Task requirements:
Reproduce, exactly and only, the lines of the data that follows from the one containing "Image segmentation based" down to the one containing "- Të mandatojë", without pictures.

Records provided:
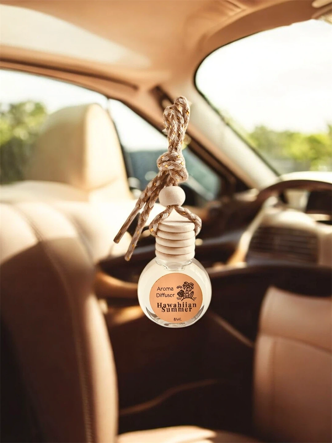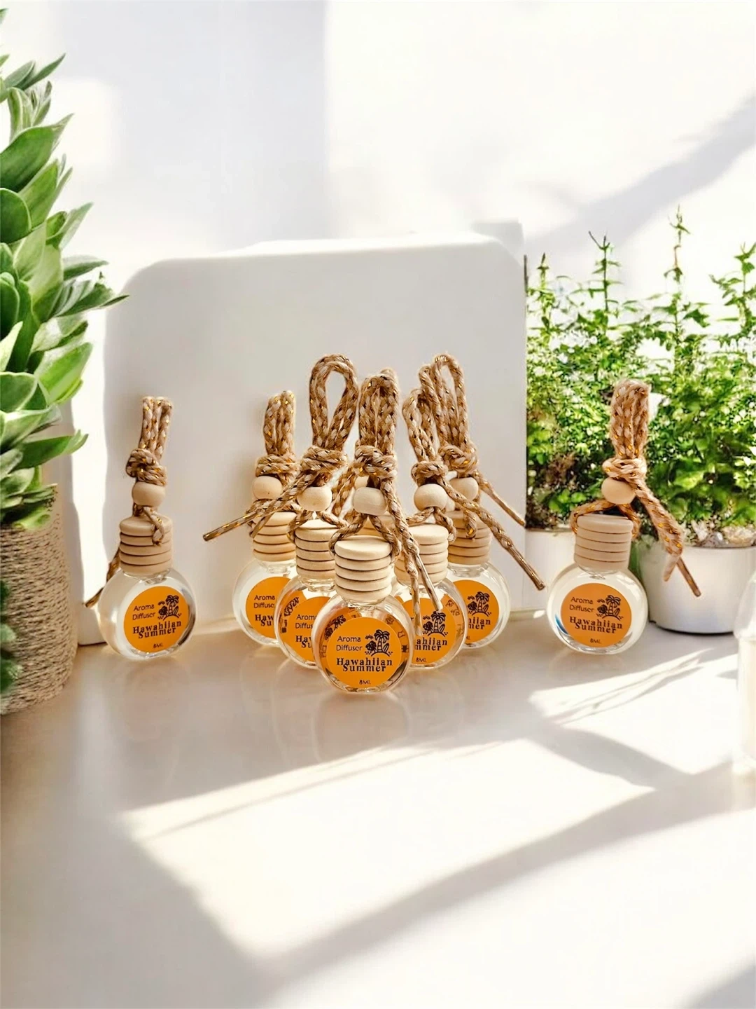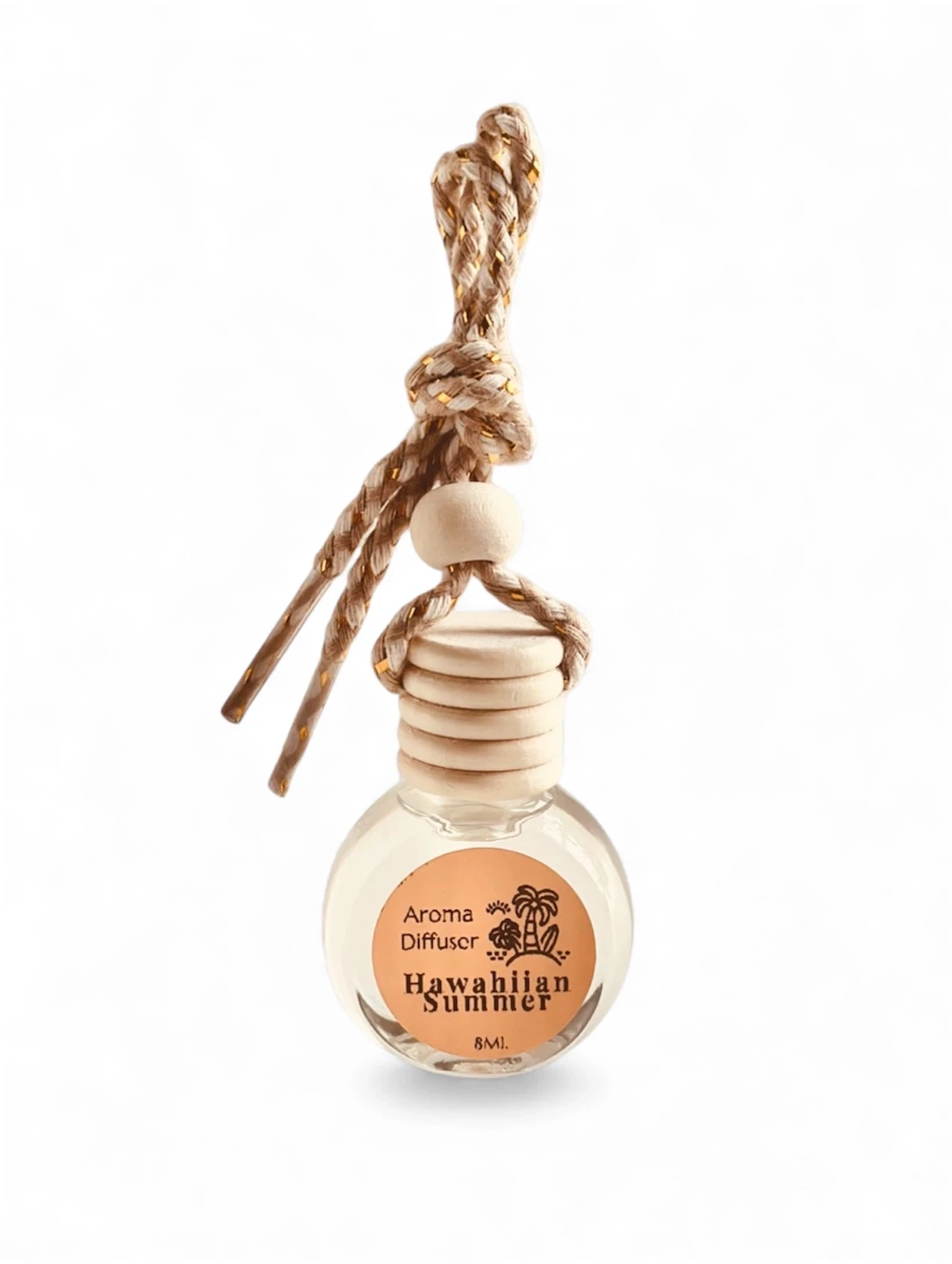 This is an 8 ml aroma diffuser with a Hawaiian Summer scent! It's perfect for adding a pleasant fragrance to your car or small space. The diffuser has a wooden lid and comes with a cord for easy hanging. It measures approximately 1.1 inches in diameter and 1.93 inches in height.
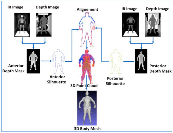 Image segmentation based on region growth and thresholding was used to detect the body shape from the IR image, which served as a mask to isolate the depth information specific to the participant’s body from the depth image to produce a depth mask image from the 3D data of the corresponding body view. Shape and depth images were fused into anterior and posterior depth masks. The shape images helped with the selection of the corresponding depth information for the body contained in the IR images. In this way, an anterior depth mask image was used to acquire depth information from the anterior IR view of the participant. Similarly, a pair of posterior depth IR images were used to obtain the body’s posterior depth information.
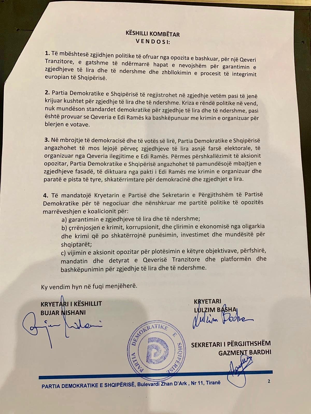 - Të mandatojë Kryetarin e Partisë dhe Sekretarin e Përgjithshëm të Partisë Demokratike për të negociuar dhe nënshkruar me partitë politike të opozitës marrëveshjen e koalicionit për:
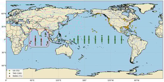 In-situ observations rely on three sets of high-precision buoy arrays, which serve as the true value benchmark for model training (source domain) and evaluation (target domain). The North American NDBC buoys, operated by the U.S. National Data Buoy Center, are distributed in coastal waters of 30°N–60°N, 60°W–140°W, providing 1 h resolution 10 m wind speed data from 2014 to 2020 [22]. Strict quality control procedures have been applied to exclude abnormal records caused by instrument failures or extreme weather events [23,24]. The tropical Pacific TAO buoys, deployed under the Tropical Atmosphere Ocean Project, are located in the region of 10°N–10°S, 120°E–80°W, offering 1 h resolution 10 m wind speed observations over the same period [25]. These data have been widely validated and applied in tropical ocean-atmosphere interaction research and numerical model calibration. The tropical Indian Ocean RAMA buoys, part of the Research Moored Array for African-Asian-Australian Monsoon Analysis and Prediction, are deployed within 23°N–14°S, 53°E–97°E, providing high-quality 1 h resolution 10 m wind speed data from 2014 to 2020. As the core target domain dataset, it supports model fine-tuning and independent testing to ensure the generalization ability of the model in the study area.
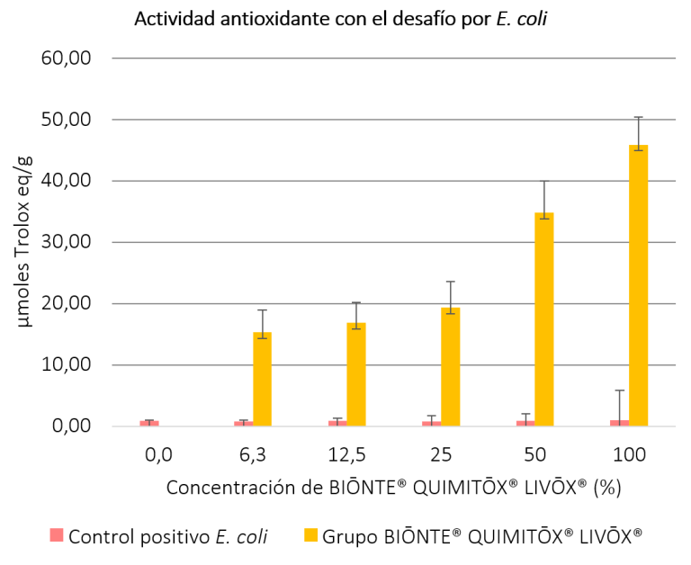 Figura 4. Resultados de la actividad antioxidante a diferentes concentraciones (%) de BIŌNTE® QUIMITŌX® LIVŌX® en células expuestas a E. coli.
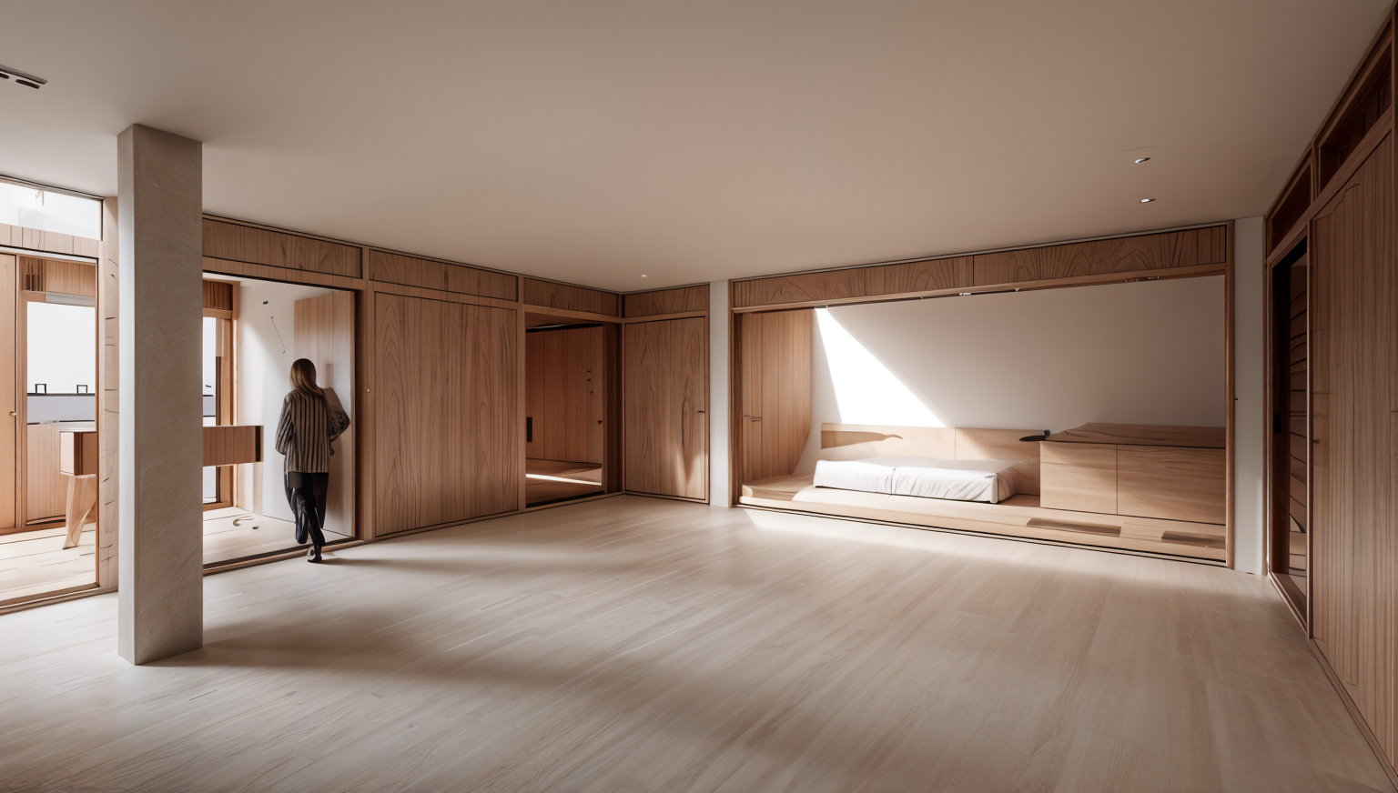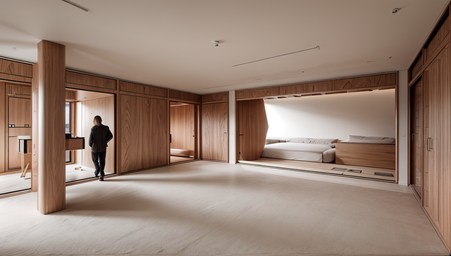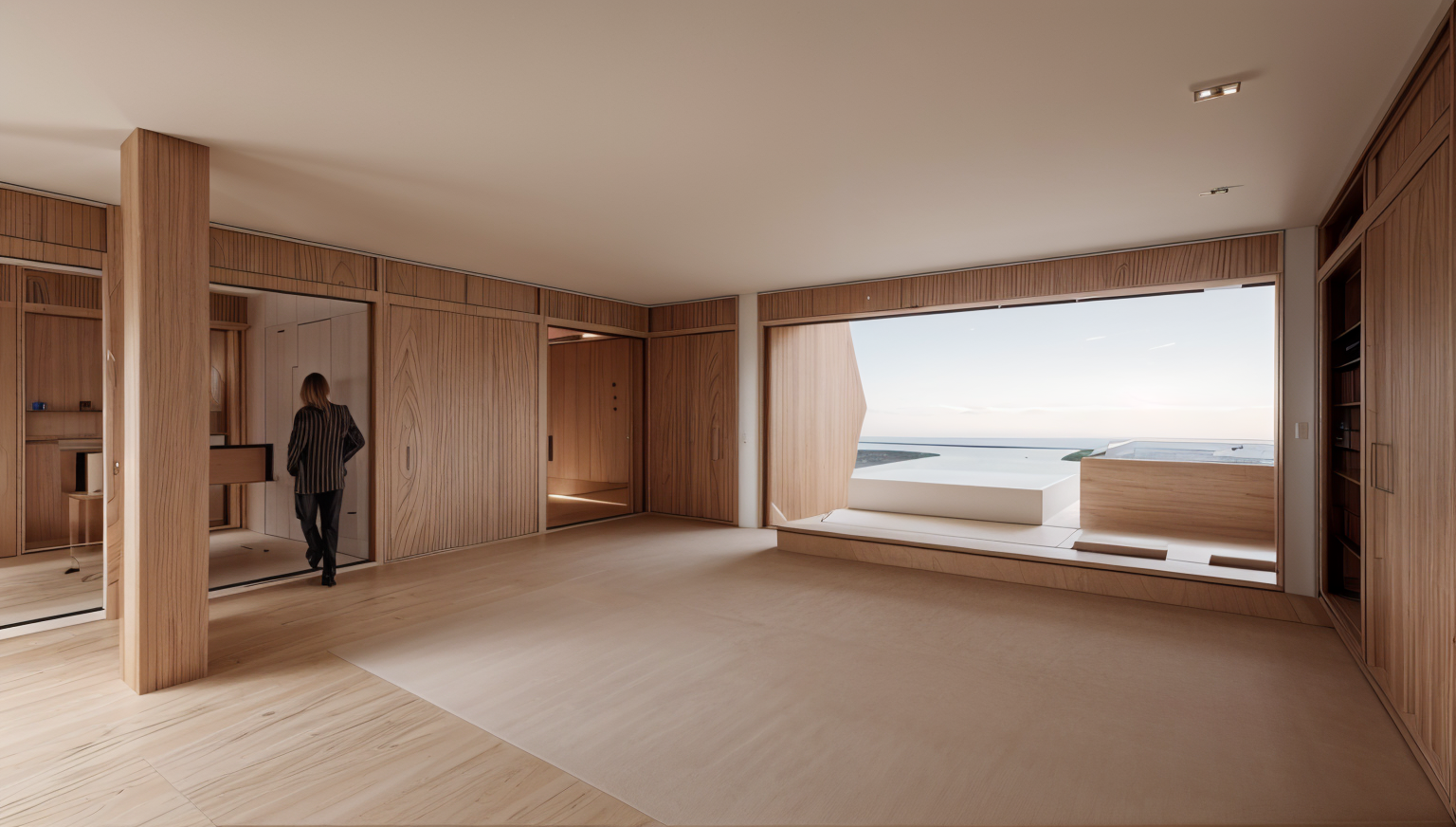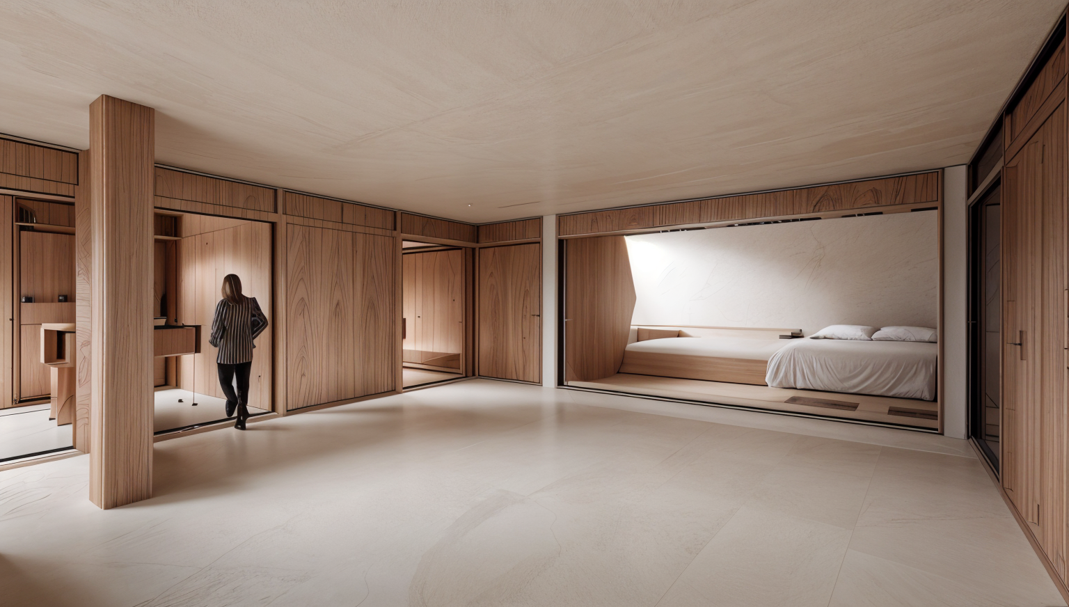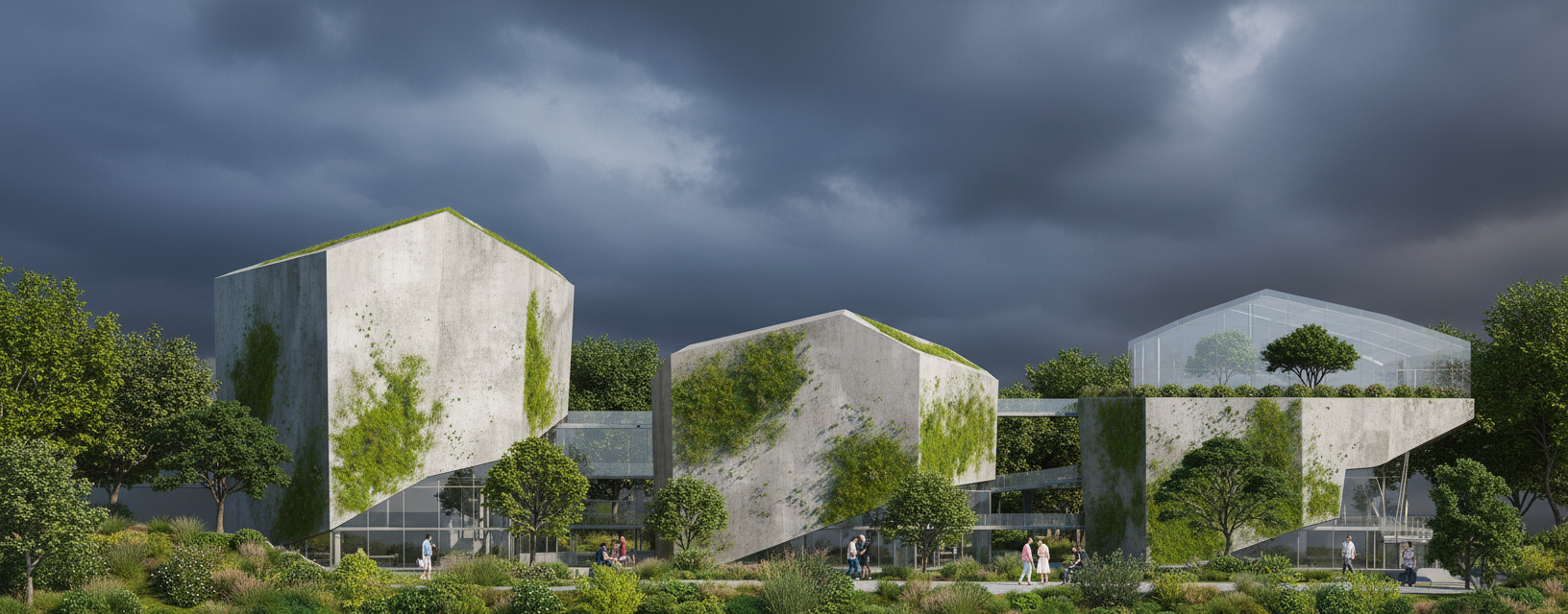 render a modern architectural scene showcasing three uniquely shaped buildings with clean full moss covered concrete facades and large glass windows surround the buildings with lush green trees in various shades from emerald to lime add subtle shadows and highlights to emphasize the structure s angles the sky should be moody include people in the scene wearing casual attire of light pastel colors leisurely walking or sitting the atmosphere should feel open airy and inviting with a sense of contemporary sophistication

Task result:
 Image segmentation based on region growth and thresholding was used to detect the body shape from the IR image, which served as a mask to isolate the depth information specific to the participant’s body from the depth image to produce a depth mask image from the 3D data of the corresponding body view. Shape and depth images were fused into anterior and posterior depth masks. The shape images helped with the selection of the corresponding depth information for the body contained in the IR images. In this way, an anterior depth mask image was used to acquire depth information from the anterior IR view of the participant. Similarly, a pair of posterior depth IR images were used to obtain the body’s posterior depth information.
 - Të mandatojë Kryetarin e Partisë dhe Sekretarin e Përgjithshëm të Partisë Demokratike për të negociuar dhe nënshkruar me partitë politike të opozitës marrëveshjen e koalicionit për:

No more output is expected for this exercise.